Retailers and landlords face new arbitration rules

A new arbitration code designed to ease pressure on the courts would require retailers and their landlords to enter into negotiations to resolve disputes. This could mean struggling tenants are forced to remain a tenant for longer than initially agreed. The rules will give extra protection to commercially viable businesses, meaning they will not be expected to take on debt, restructure or make redundancies to pay off rental debts. They are being drawn up by the Department for Levelling Up to avoid legal disputes after many retailers withheld payments during the pandemic.
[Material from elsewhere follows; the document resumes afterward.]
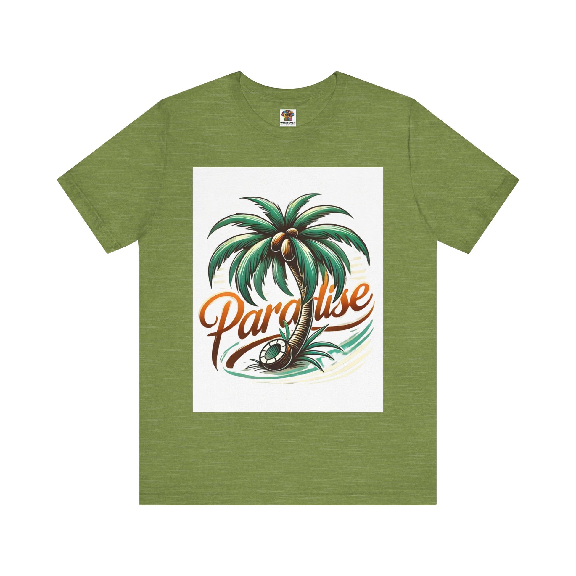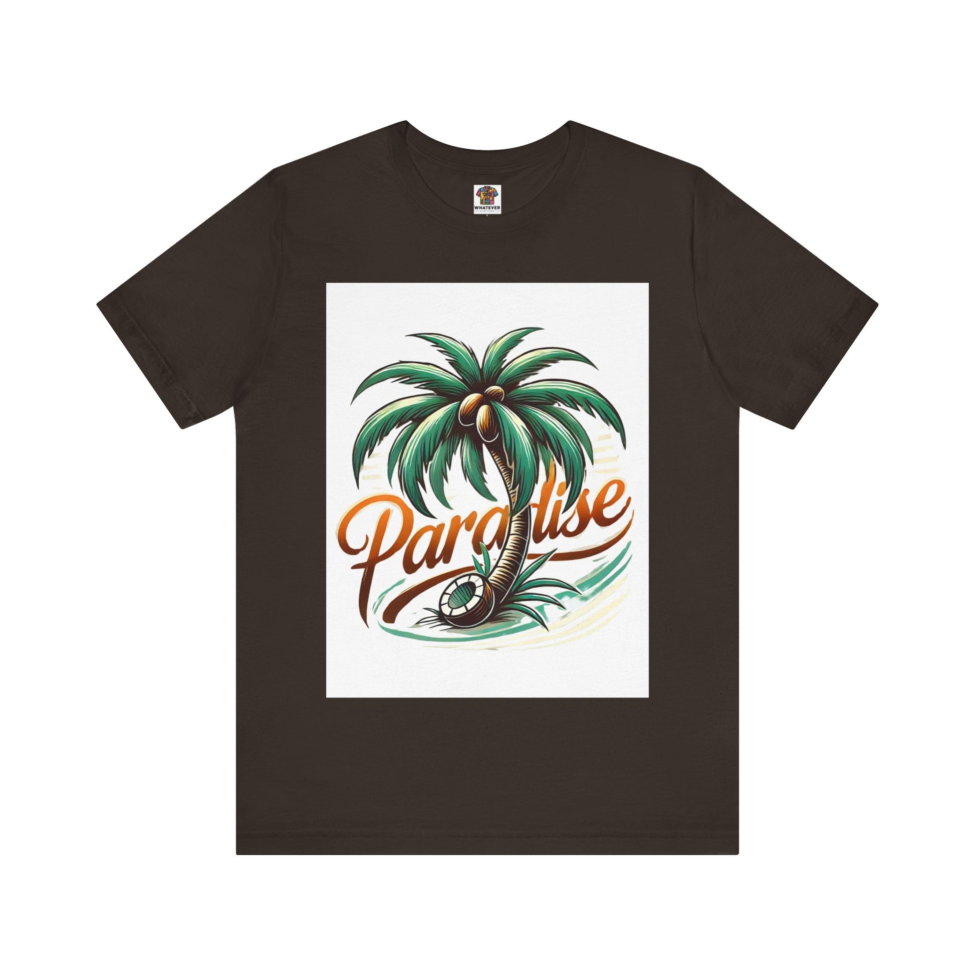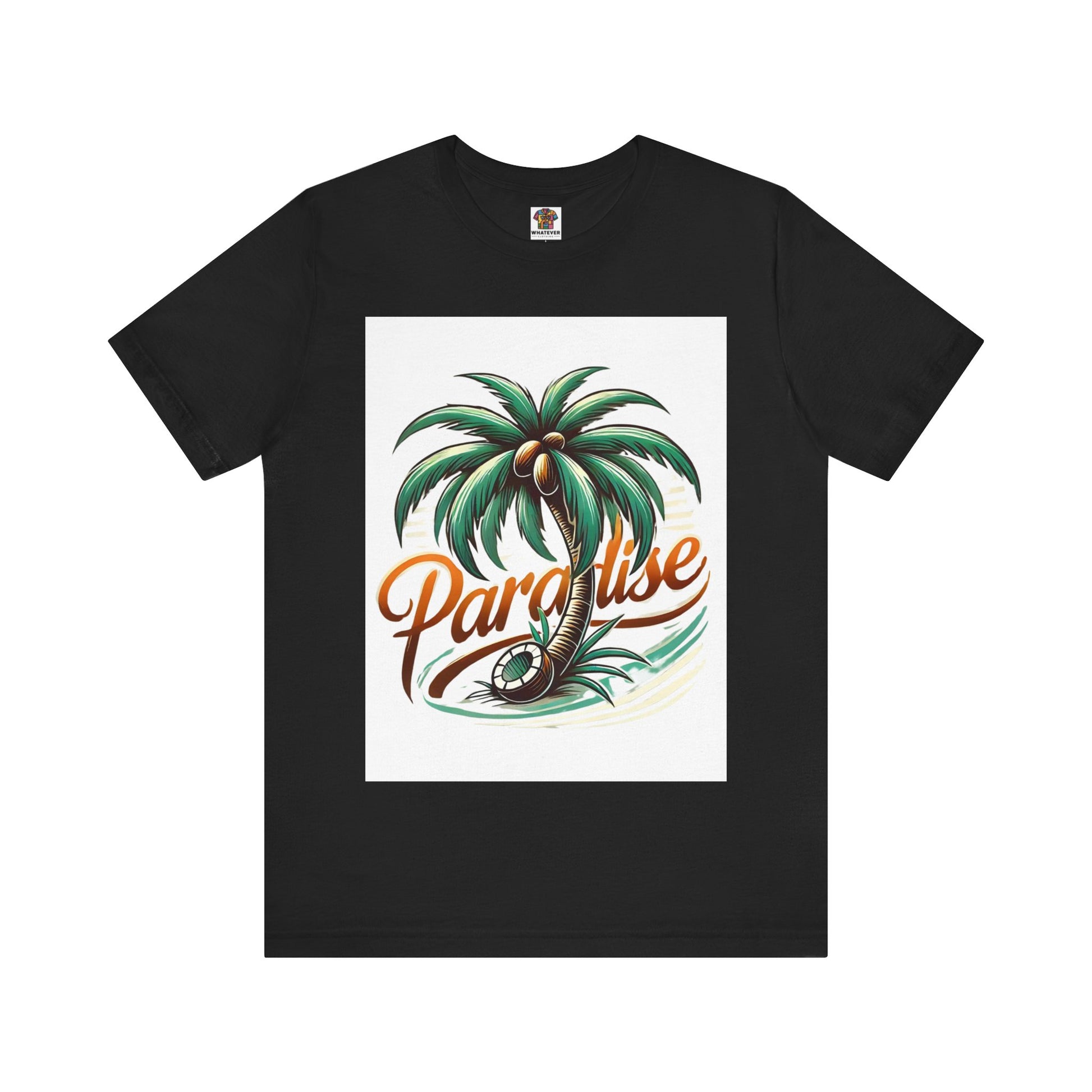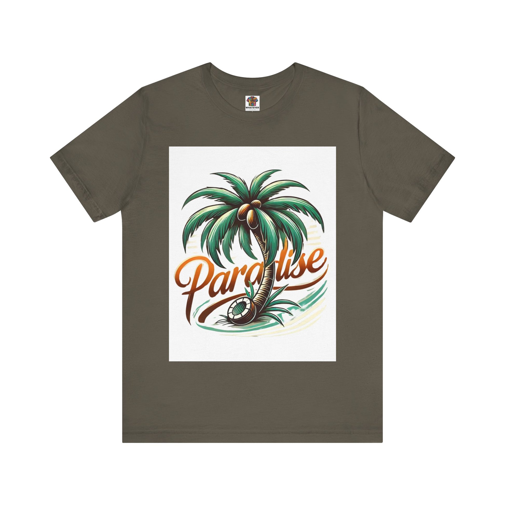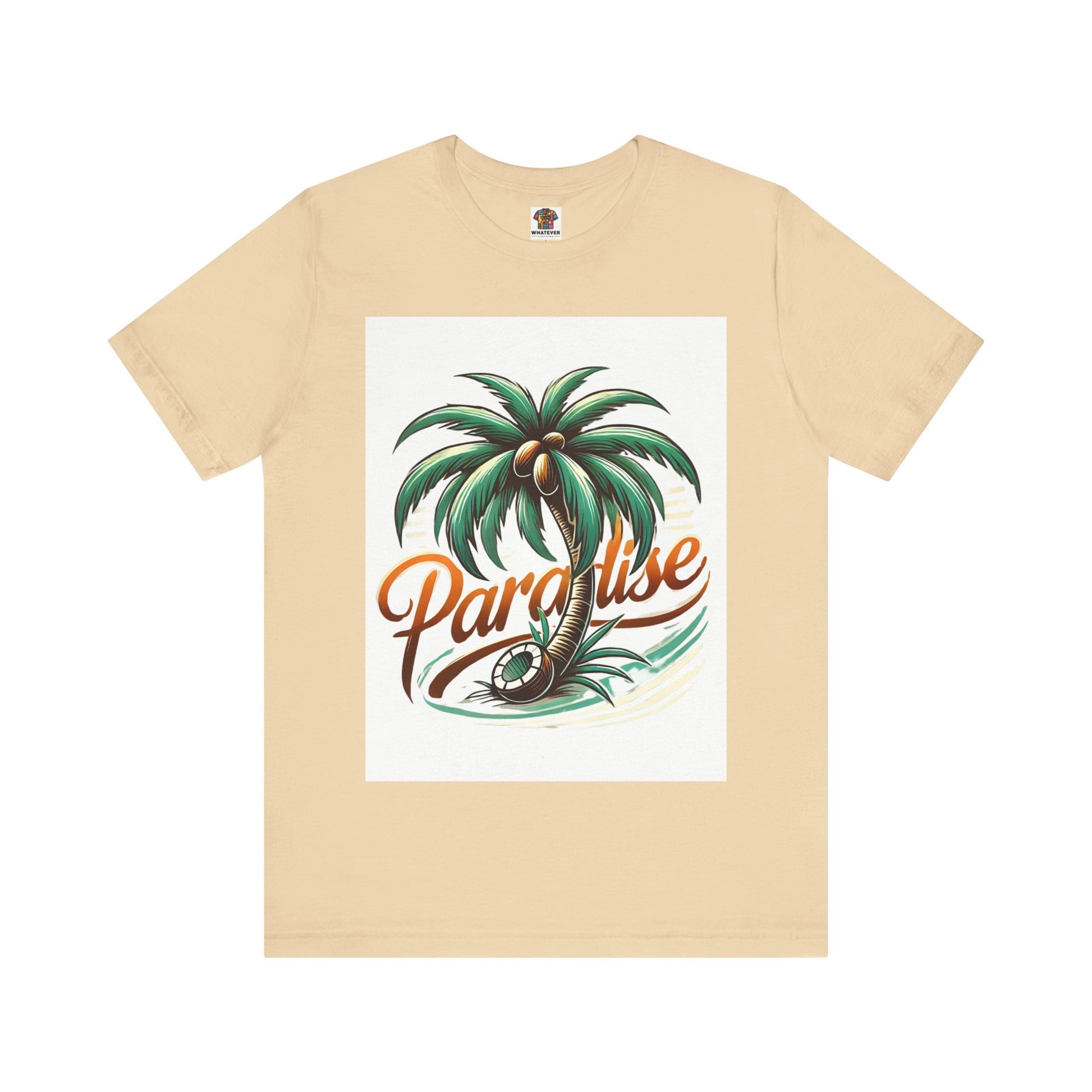 A tropical palm tree with coconuts and graffiti-style "Paradise" text in warm sandy hues. Serene and inviting, ideal for tropical escapes.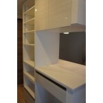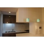 造作カップボード。 カウンター下に作業台を仕込み、引き出せるようにした機能的な収納へ。 左側には可動棚板を造り、デッドスペースを無くしたパントリースペースになりました。 カウンター上には、ステンドグラスペンダントを灯し華やかさをプラスしました。

Bailey: Green policies will lead to 'permanently' higher energy bills

The Governor of the Bank of England has warned that the move away from coal could lead to a permanent rise in energy bills for UK households. Andrew Bailey told BBC’s Today programme on Friday that the move away from fossil fuels may well result in “a level change in prices” for consumers. This comes as the Bank predicts inflation will hit 5% next spring and a 35% increase in gas prices by next April.

Bank of England to refocus corporate bonds on greener companies

The Bank of England has set out plans to refocus its £20bn holdings of corporate bonds on greener companies. In future, companies would need to meet climate-related criteria for their bonds to be included in the central bank’s asset purchase programme.